As I tried to muffle something she hugged me.

I stayed silent as I hugged her back. It felt awesome, even without feeling the emotion with my power. But that don’t mean I still don’t want to feel it.

Still hugging I tried to take off my jacked.

„It was not my intension to undress you with a hug.“ Said Twilight little sarcastically.

„well, happens. I’m hot in that hug and I would like that double kick of love with my powers.“

She giggled but than looked at me with curious frown.

„Hey, what’s that on your hand?“

Shit, I completely forgot. „Opps, I must had scratched my hand somewhere. I can be a little clumsy sometimes.“ I nervously smiled.

„How did you scratch at inner part of the forearm by mistake?“ good question

„I’m special?“ I shrugged.
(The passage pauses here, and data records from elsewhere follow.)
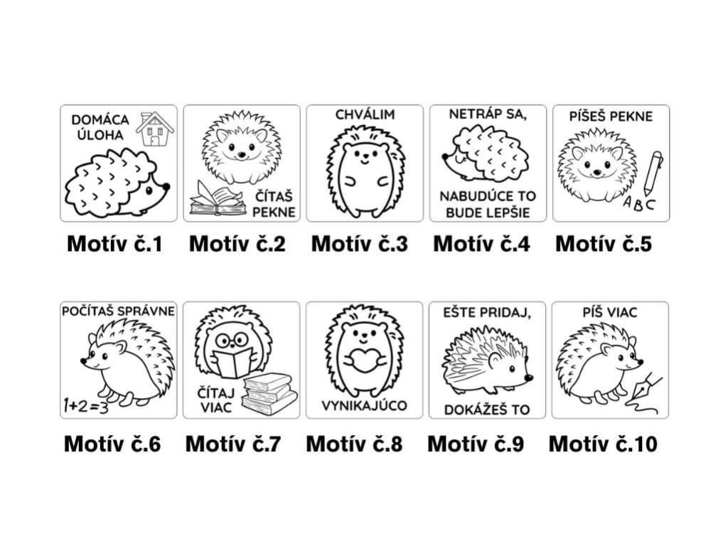 ✅ pečiatka je zložená z obrázku a textu, ktorým učiteľka hodnotí žiaka
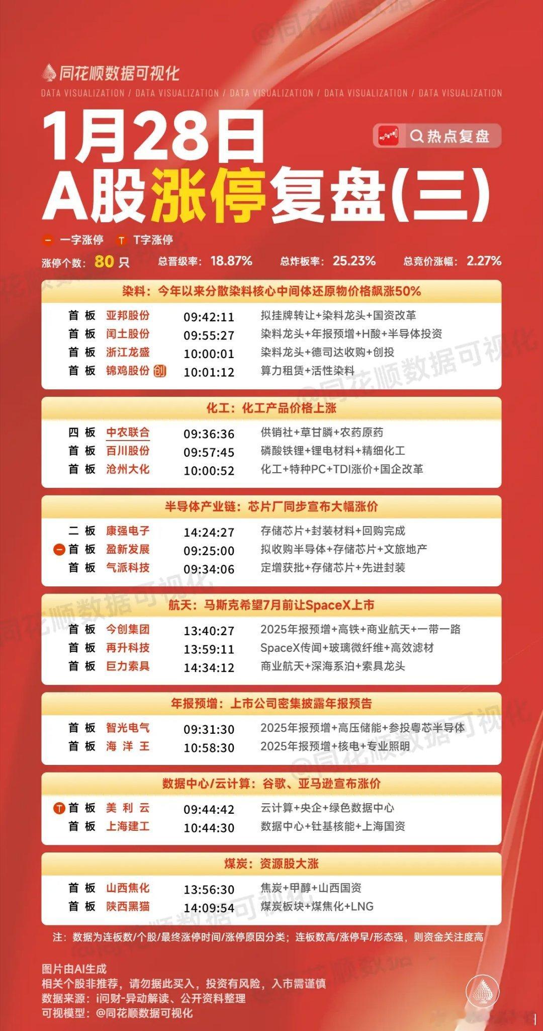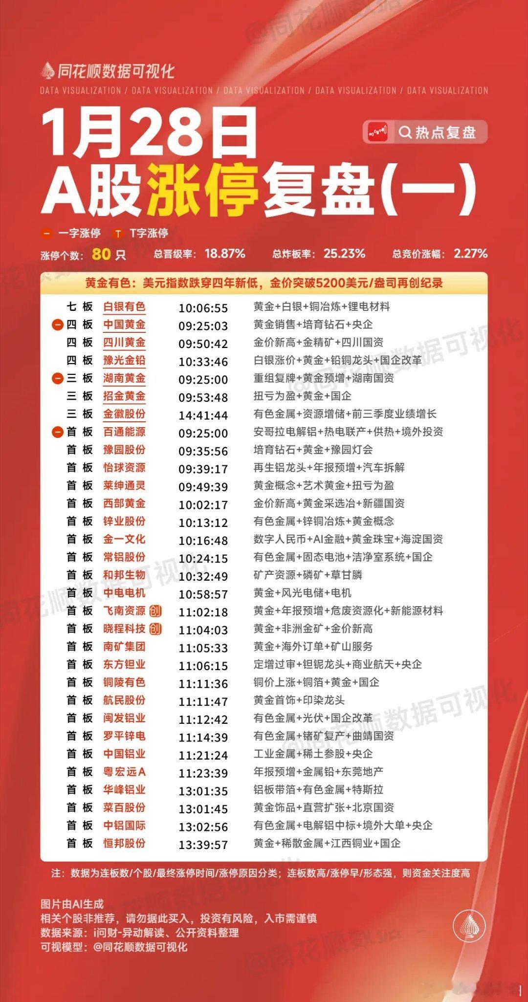 1月28日复盘:白银有色、中国黄金、康强电子、巨力索具、拓日新能隔日走势的一些看法!1、白银有色(白银)白银期货是真的强,昨天夜盘开始还是下杀表现,但是后半夜再次持续走强修复,早盘继续冲高,有色昨天烂板晋级,早盘小幅高开的情况下跟随白银期货日盘共振上涨,并且很快有资金承接封板,在板上小幅分歧后顺利封死涨停,走出了久违的7连板形态!盘后的龙虎榜继续量化霸榜,沪股通净卖出近6亿是今天最大的抛压,榜单整体净流出近7亿,这么大的抛压下仍然能够很快彻底封死涨停,说明市场整体情绪非常强,有色更多的是情绪封板,虽然隔日面临严重异动,但是从湖南触发严重异动的表现看,对于现阶段这个方向并不会有特别大的影响,白银期货的表现依然是判断它持续性的标准,所以今晚夜盘国际银价的表现是关键,如果不出现明显调整,有色就能继续强势,反之,一旦出现明显调整,有色也很可能走出兑现的形态!2、中国黄金(黄金)黄金相比于白银涨幅虽有不如,但是短期内也是大幅上涨的,国黄今天竞价强势一字板对于整个贵金属的强势是有刺激的,而因为黄金期货日盘的强势表现,国黄也是最终稳稳一字封死涨停,走出了强势的4连板!盘后的龙虎榜买盘多为游资席位,卖盘的抛压可以忽略不计,3日榜作手新一入场,买盘也是游资席位居多,卖一是潜藏资金止盈,这是明显的游资入场接力榜单,很明显国黄的榜单说明游资也开始顶不住诱惑开始接力贵金属了,但是它们选择的是相对位置更低的国黄,而且国黄流通市值也更容易拉升,但是这个方向和期货的关联性太大,国黄隔日预期虽然很高,但是如果期货负反馈,它也很难独善其身,所以对于国黄来说,今晚夜盘国际黄金的表现才是它能否走出持续性的关键!3、康强电子(存储芯片)康强竞价近7个点的表现在存储芯片中是最强势的,所以开盘后在板块的强势下有资金做多封板,但是东芯开盘直接下杀的表现带崩了整个存储芯片行情,康强虽然回封非常强势,但是依然反复炸开,直到午后才彻底封死涨停,走出了一个突破的放量烂板形态!盘后的龙虎榜中山东路和张家港东环路两个游资席位加上两个量化是主要的买盘,卖盘中泰湖北分止盈了大部分仓位,章盟主止盈离场,卖盘同样有两个量化离场,这是明显的资金换手接力榜单,康强今天虽然是烂板,更多的是因为板块的情绪因素,而它最终能封住涨停说明做多资金的决心是非常足的,再加上尾盘存储芯片是有一定修复的,隔日板块一旦出现反转,康强是有弱转强概率的,所以它开盘的表现就非常有看点了,只要有资金去引导,它作为今天除了有色金属外极少的连板股,走出冲高的概率还是比较大的!4、巨力索具(商业航天)巨力早盘还是明显弱势表现,但是尾盘却出现明显资金做多拉升,短时间内强势拉升上板,走出了一个比较强势的反包形态!盘后的龙虎榜紫阳东路是打板做多资金,其余买盘多为机构引导,卖盘多为机构和量化席位,华泰深圳前海是早盘就止损的资金,这个榜单还是非常不错的,巨力是近期商业航天高潮时的代表性龙头,它在短时间内的反包至少证明商业航天并没有彻底结束,最近的回调更多的是市场干预影响,那么尾盘巨力的抢先手或许会是商业航天修复的一个前兆,毕竟在近期一波商业航天高潮时,巨力也是提前一天涨停的,隔日板块高潮时开盘直接强势上板确认强势,隔日会不会继续有此表现,就看开盘整个商业航天会不会有明显修复了!5、拓日新能(太空光伏)拓日昨天那么强势的封板,尾盘光伏也有强势修复,按照正常预期,今天拓日就是大幅高开,但是它不到3个点的高开就是偏弱了,但是它毕竟是龙头,开盘还是有资金强势引导去上板,奈何今天的情绪都在有色金属方向,拓日在板块持续走弱时出现资金砸盘兑现,虽然刚炸板时有一定承接,但是并没有资金愿意去做回封,之后开始趋势下杀,但是却始终没有跌破开盘低点,表明资金整体承接不错,最终收盘仍然维持在4个点涨幅!盘后的龙虎榜3个机构席位引导封板,招商益田路买入近5千万,卖盘除了两个机构,也有两个游资止盈,之前做多的成都系1.5亿筹码并没有出现在榜单,要么就是在格局,要么就是昨天这个分歧板兑现了,这个榜单其实非常不错,拓日今天的兑现也是情绪所致,但是没有去承接回封确实是弱势的表现,尾盘没有趁势下杀跌破早盘低点反而不好,隔日开盘向下补缺口的概率还是比较大的,能不能在补完缺口强势承接向上是一大看点,从情绪上看,拓日隔日走出反包的概率不大,它能走出类似巨力一样断板后的大幅低开向上修复的概率最大,所以隔日拓日开盘弱势或许会是一个比较好的低吸点,从情绪上来说,或许会有拉升红盘机会,如果光伏方向出现强势修复,它的表现就更有看点了!本文只限于分享和交流,不构成投资建议,股市有风险,投资需谨慎!
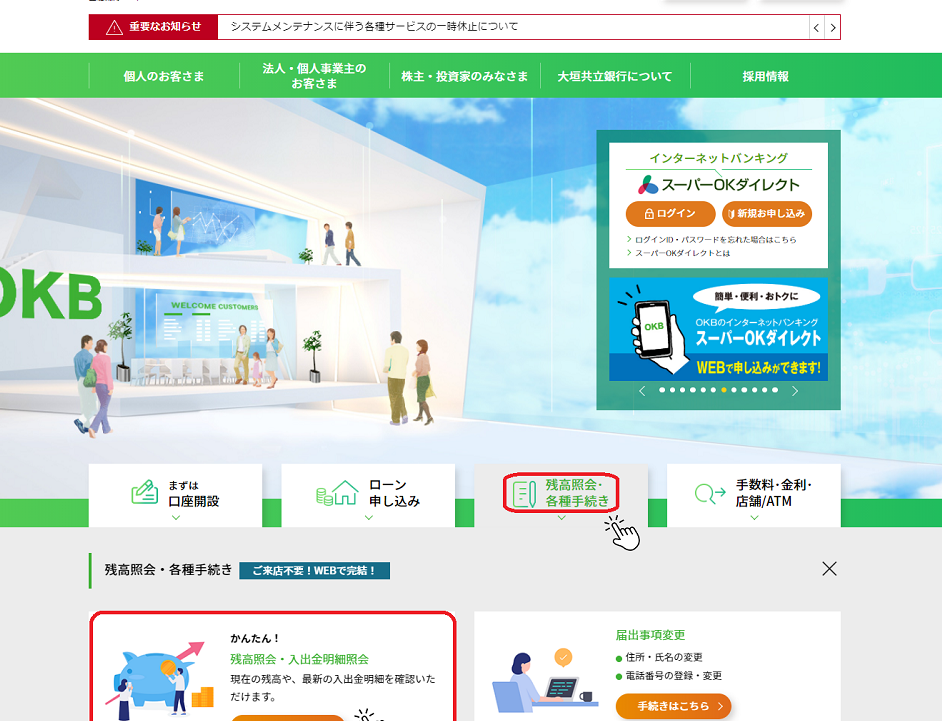 - 銀行の公式ウェブサイトまたはアプリにアクセスします。
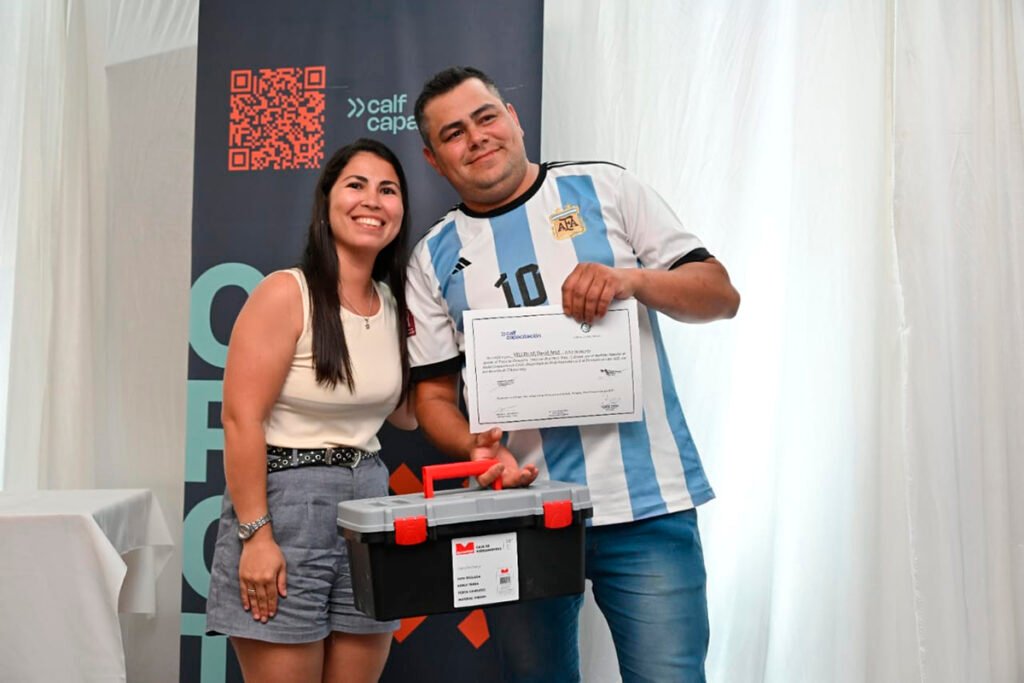 SENILLOSA (ED). — La Municipalidad de Senillosa y la cooperativa CALF concretaron la entrega de certificados a 16 nuevos operadores eléctricos Nivel 1, quienes además recibieron una caja de herramientas completa para dar sus primeros pasos. Se trata de un trabajo conjunto que permite una salida laboral inmediata a quienes completaron el curso.
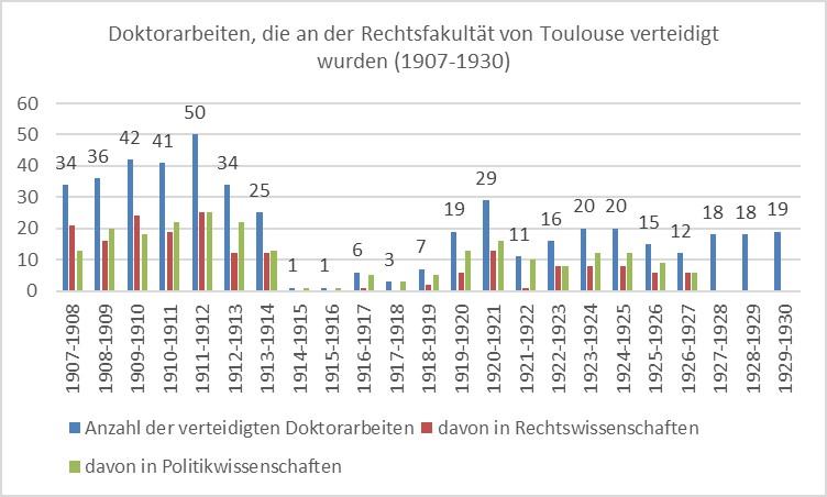 Die erste Auswirkung des Krieges auf die Produktion der Dissertationen an der juristischen Fakultät von Toulouse zeigte sich zunächst an der Zahl der Thesen, die seit 1914 drastisch abnahmen. In den Vorkriegsjahren wurden regelmäßig dreißig bis vierzig Doktorarbeiten jährlich verteidigt, und obwohl das Jahr 1911 mit seinen 50 Thesen den Beginn einer Abschwächung markierte (sowohl aufgrund einer Änderung der Bedingungen für die Vergabe des Doktorats in Toulouse im Jahr 1911 als auch eines allgemeinen Rückgangs der Zahl der Studenten in allen Fakultäten des Südens, die von der Konkurrenz von Limoges und Clermont-Ferrand ab 1909 betroffen waren), kannten die beiden Jahre vor dem Krieg noch 34 bzw. 25 Doktoranden.

I think she don’t believe me but don’t want to question it as well.

„Soo... The hug?“

„Come here my special lover“

„yeah yeah, just hug me and don’t make fun of me“


Two hours and one cuddle session later.

„And that’s why I think the lore of this game is the best!“

„Its funny you think that the best lore is in game about killing aliens“

„Why?“

„Well, if you think hard enough, you are basically an alien at this universe.“

„I never really thought of that, but that means you are like Aracelia, you are dating an alien and I’m Xandro“

„Without the point of being rulers of each other universes“

„with the fact of being a magical special flying girls with unusual superpowers for this universe“

„good point“

With that we started to giggle. I liked this. A lot happened today, but I feel like this is the best ending we could hope for. Well... It could be better, but you know, good enough. Now there is still a lot of things to talk about, but I don’t want to ruin this beautiful moment. One of, how and when should we tell the girls.

I’m not scared that they will take it bad, no, just little nervous about it.